Trade press and other news reports yesterday confirmed something GAO readers know, which is that the Biden Administration is transparently re-running the Obama Year 1 “climate” playbook, to obtain praise from foreign leaders and energize the annual climate “Conference of the Parties” — this time, COP26 (or #Flop26 on Twitter).
President Biden has signaled unambiguously that, at both this weekend’s Rome G20 meeting and climate pact talks in Glasgow beginning two days later, he will deepen President Obama’s GHG emission-reduction promises based on the Clean Power Plan, tossed out by the Supreme Court in West Virginia v. EPA. Much of the past week’s mania to try and pass budget “reconciliation,” now “only” with over half a trillion dollars in “climate” schemes if without the regulatory changes originally in the bill was about avoiding Biden’s credibility crisis.
It won’t. Too many recall then-EPA Chief and current Biden White House Climate Advisor Gina McCarthy telling the Paris COP that its climate regs were, in the Guardian’s reporting, “bulletproof”. SCOTUS had other ideas.
The replay of Obama-Biden’s first year in office is that Obama, too, was unable to convince Congress to pass his “climate” agenda, which became inescapable in humiliating and politically damaging fashion the next summer and which prompted the first signal of his ultimate, signature “pen and a phone” approach to governing in the absence of popular support for his ideas.
At the time, the virtue-signal was the Obama USEPA’s greenhouse gas “Endangerment” finding, which launched all manner of economic dislocation and devastation in certain communities and regions of the country, despite that those GHG regulations were subsequently thrown out by the courts. The inevitable havoc was wreaked, and the industries hobbled with tremendous economic and human collateral damage.

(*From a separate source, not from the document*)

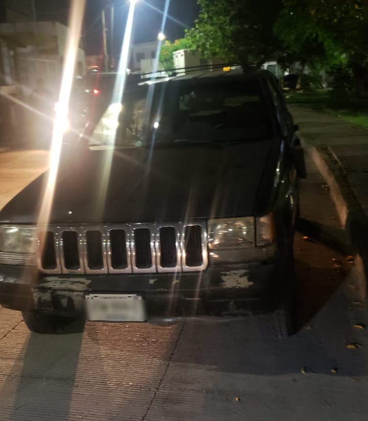 Se trata de una camioneta color negro, marca Jeep, Grand Cherokee, con placas de circulación utw894e, del Estado de Quintana Roo, la cual fue asegurada luego que elementos policiales que realizaban labores preventivas, recibieron el reporte que dicho vehículo circulaba con personas armadas a bordo.

Still, it was announced as the Obama delegation jetted off to COP15 in Copenhagen. The obviousness of the stunt had even the NYT wondering about it and Politico and CBS mocking the claim of this being “pure coincidence”.
After pushing this agenda too openly with “capntrade” legislation helped cost the Administration’s party control of the House, Biden is adopting a more opaque approach, if nonetheless following the script to a tee. This time Biden’s EPA is letting its green-group allies know that it will agree with a lawsuit filed the day before inauguration day — so that only the Biden USEPA could defend against it (or…not) — and revisit the primary and secondary “Ozone NAAQS.”
The greens are in on the joke that this will provide what the Wall Street Journal accurately summarized as Biden’s ‘Back Door’ Climate Plan. (That editorial summarized a brief Energy Policy Advocates filed in the DC Circuit on this case explaining how the AGs and now-Biden EPA Air chief Joe Goffman planned this before he was appointed).
It’s weedy, but in short this is a cynical sue-and-settle move created with the assistance of Biden’s EPA Air Office chief, Joe Goffman, when he was advising the plaintiff state attorneys general who filed the January suit, suit, State of New York, et al. v. EPA, prior to the election.
Yes. Read that again. There are no indications in Mr. Goffman’s released ethics records that the Air chief disclosed this work during his ethics clearance, and so he has not recused himself. This could pose problems down the road for the rule (and Mr. Goffman), but as the Obama plan showed one can still largely achieve one’s goals even by promulgating unlawful rules that are tossed in the end.
Today, before USEPA filed whatever it is going to file (GAO has long thought this would be “COB”, since the purpose is to land at G20 and the COP as conquering heroes waving about fresh news, a la Lisa Jackson and the Endangerment finding), five Republican attorneys general asked the DC Circuit to get it on, and “place this case back on track for briefing on the merits,” on “the sole issue in this case: whether the [Trump] Ozone NAAQS Decision was lawfully made by the EPA”.
“And the issue of whether the EPA can lawfully rescind or revise the Ozone NAAQS Decision is not before this Court.”
“If the EPA believes that it has the authority to review the Ozone NAAQS Decision, it may seek to initiate that review, if it so chooses, independent of this Court’s resolution of the instant case.”
The AGs note that the progressive AGs who filed this sweetheart suit, USEPA and greens do not accept this proposal to govern proceedings in NY v. EPA going forward.
Watch for this effort to reinstate and expand, economy-wide the Obama greenhouse gas regulatory state, in the name of meeting promises made in the unratified Paris climate treaty, to become a major issue beginning sometime in 2022.